Recipe~ Strawberry Rhubarb Pudding
Strawberries and rhubarb are plentiful this time of year. Since I don’t have time to make pie crust from scratch, and I had an overabundance of strawberries and rhubarb, I created this recipe. Add several day-old croissants, sugars and spices… and you’ve got a delicious dessert.
Strawberry Rhubarb Pudding
4-large croissants, cut into cubes or stale bread (about 8-10 cups)

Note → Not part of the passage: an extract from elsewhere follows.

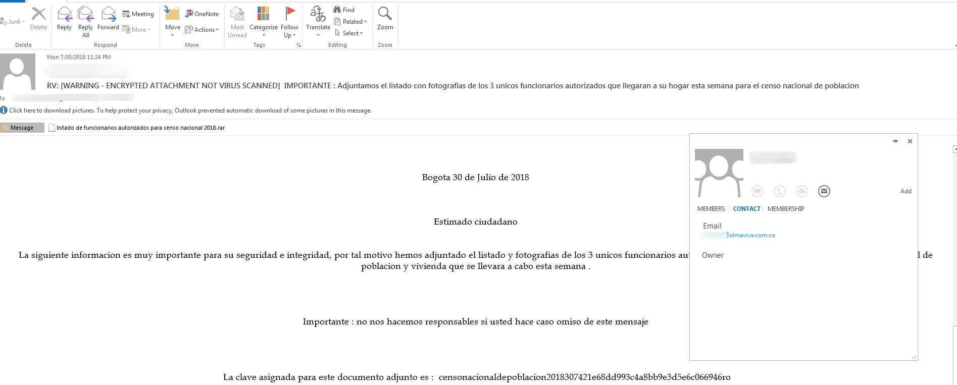 2019年2月14日,360威胁情报中心再次监控到该APT组织的最新攻击活动,根据最近捕获到的诱饵文档(MD5:0c97d7f6a1835a3fe64c1c625ea109ed)并没有找到对应的邮件,不过在进行关联调查后,我们发现了另外一个类似的诱饵文档(MD5:3de286896c8eb68a21a6dcf7dae8ec97)及其对应的有针对性攻击邮件(MD5:f2d5cb747110b43558140c700dbf0e5e)。该邮件伪装来自哥伦比亚国家民事登记处,对哥伦比亚国家盲人研究所进行攻击。

4 cups rhubarb, 1/2-inch dice
3 cups strawberries, quartered
1/2 cup sugar
1 cup light brown sugar
4 large eggs, slightly beaten
2 cups whole milk
2 teaspoons vanilla
1 teaspoon cinnamon
3/4 cup light brown sugar, packed
3/4 cup butter
Preheat oven to 350 degrees. Butter a 9 x 13-inch pan or a large baking dish. In a large bowl, add eggs, milk, brown sugar, cinnamon and vanilla to make the custard mixture. Mix together until well blended. Add croissants. Let it sit for at least 30 minutes, for the croissants to soak up as much of the custard mixture as possible. Add rhubarb and strawberries and gently mix together, until well blended.
While the croissants are soaking make the topping. In a medium bowl, add butter and brown sugar. Mix together with a fork, until it forms a crumbly mass.
Pour croissant and fruit mixture into a greased, baking dish. Sprinkle crumble topping over mixture, spreading it evenly with a spoon. Bake pudding for 55-65 minutes, until top is golden brown and slightly caramelized. Test for doneness by inserting a knife into the center and it comes out clean. Cool, or serve warm with ice cream, or milk and a dollop of whipped cream. Enjoy!